She was widowed at age 48, a mother of eight — five of those children 16 or younger — with her prospects for the future bleak at best.
Her husband, Robert, had somehow lost his pension, son Robert McKee, of Lindenhurst, said, leaving Patricia McKee with all those kids and a past-due mortgage on the huge turn-of-the-century house on Central Avenue in Baldwin.
"It was a hell of a mess," said Robert McKee, a former priest and now a middle school psychologist, noting that his mother's father, Jim Killorin, lived with them at the time — only to die barely a year later. "The mortgage wasn't paid, there was no money coming in. I honestly don't know how she did it."
Patricia McKee died Sept. 12 at the Carillon Nursing Home in Huntington. She was 100.
After her husband's death, Patricia McKee somehow muddled through. A neighbor helped her figure out how to collect Social Security; another neighbor bought a sliver of the Central Avenue property, despite knowing it could never be developed. Eventually, she took work with a photo developing company in nearby Rockville Centre.
The kids even took odd jobs to help out, with Robert McKee cutting lawns and delivering the old Long Island Press, then taking work behind the counter at the local Carvel.
All the while, Robert McKee said, his mom remained a devout Roman Catholic, going to church and believing in hope for a better tomorrow.
And, though she had the opportunity, she never remarried: "My mother had her share of suitors over the years after Pop died," Robert McKee said. "Quite a few of them even were well off. But, once she was free she wasn't going back there again. She was just fine being on her own."
Patricia McKee was born in Brooklyn on March 17, 1919 — St. Patrick's Day. She was the middle of five children — Jimmy, Virginia, Lucille and Vera — of Helen and Jim Killorin.
After her marriage to Robert D. McKee, the couple had eight children, the first five of them girls. They lived in Flatbush, Brooklyn, before moving with her parents to the six-bedroom house on Central Avenue in 1955.
In that house, built in 1898, Patricia and Robert had three boys, as Patricia took care of her aging mother until her death in 1963, her son said. She then took care of her father until his death in 1969.
At the time of Robert McKee's death in 1968, the three eldest children, daughters Deborah, Trisha and Kathleen, already were out of the house, her son said. The youngest five children — Virginia, then 16; Faith, then 14; Bob, then 12; Greg, then 10; and Tommy, then age 8 — all were still at home.
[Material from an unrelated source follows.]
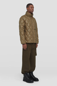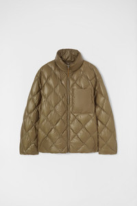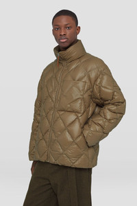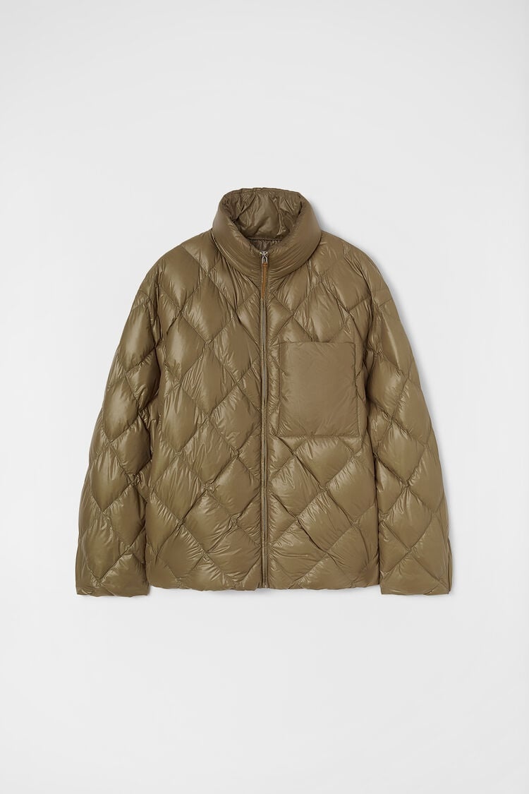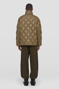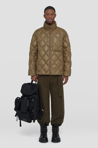 Recycled nylon down jacket with hidden hood at collar and front patch pocket Details - relaxed fit and cropped cut - stand collar with hidden internal hood - front zip closure and drawstring hem - in-seam pockets and chest patch pocket - diamond-shaped quilting - Jil Sander+ logo printed on back label - packaway bag included - lightweight recycled nylon with a shiny finish - 100% polyamide-nylon, main padding 85% goose down 15% goose feather, outer padding 100% polyester - made in Italy - StyleID: J47AF0141J70007218 Care - dry clean only Fit - model is 187cm/6'1" and is wearing a size M - Please note that the physical label of the item will show the international size

Niece Mary Nolan of North Bellmore, daughter of Virginia Nolan, recalled how despite not having much money, her Aunt Pat always made the house a great place to be.
"Her home always was a very warm, inviting, enjoyable place," Nolan said. "She was my godmother. And she could cook up a storm."
Nolan said: "Each of the sisters had a claim to fame. My mom was not a very good cook. My mother was a seamstress, she could sew everything. Aunt Pat? She was the baker, she was the cook. When I needed instruction, I went to her.
"One time I asked her what I could do to be a better baker," Nolan recalled. "She said, 'See that company never sees your mistakes. Mistakes are for family. If you make a mistake, start from scratch.' My poor kids probably ate a lot of burnt cookies because of that."
Robert McKee said he and his brothers all took to cooking because of their mom and all consider themselves accomplished cooks. But, he said his best memories are of the holidays, especially Christmastime.
"There'd be the tree and all these gifts," he said. "With so many kids in the house, you couldn't walk into the living room without walking into somebody's gift. The lights on the Christmas tree, all the colors of all the wrapping paper. The room filled with all that color, Mom baking an apple pie and stuffing for the turkey . . . We didn't have much money, but she would save for six, eight months, a nickel, a quarter at a time, just to make sure all that happened for us."
Patricia McKee was buried next to her late husband in Cemetery of the Holy Rood in Westbury.
In addition to her son, Robert McKee, she is survived by her sister Vera and her other children — Deborah Kletter, of Riverdale in the Bronx; Trisha McKee of Port Jefferson Station; Kathleen Mircacola, of Wading River; Virginia Meriam, of Garden City; Faith Eccles, of Port Jefferson Station;Gregory McKee, of Dingmans Ferry, Pa.; and Thomas McKee, of Huntington — as well as by 14 grandchildren and 17 great-grandchildren.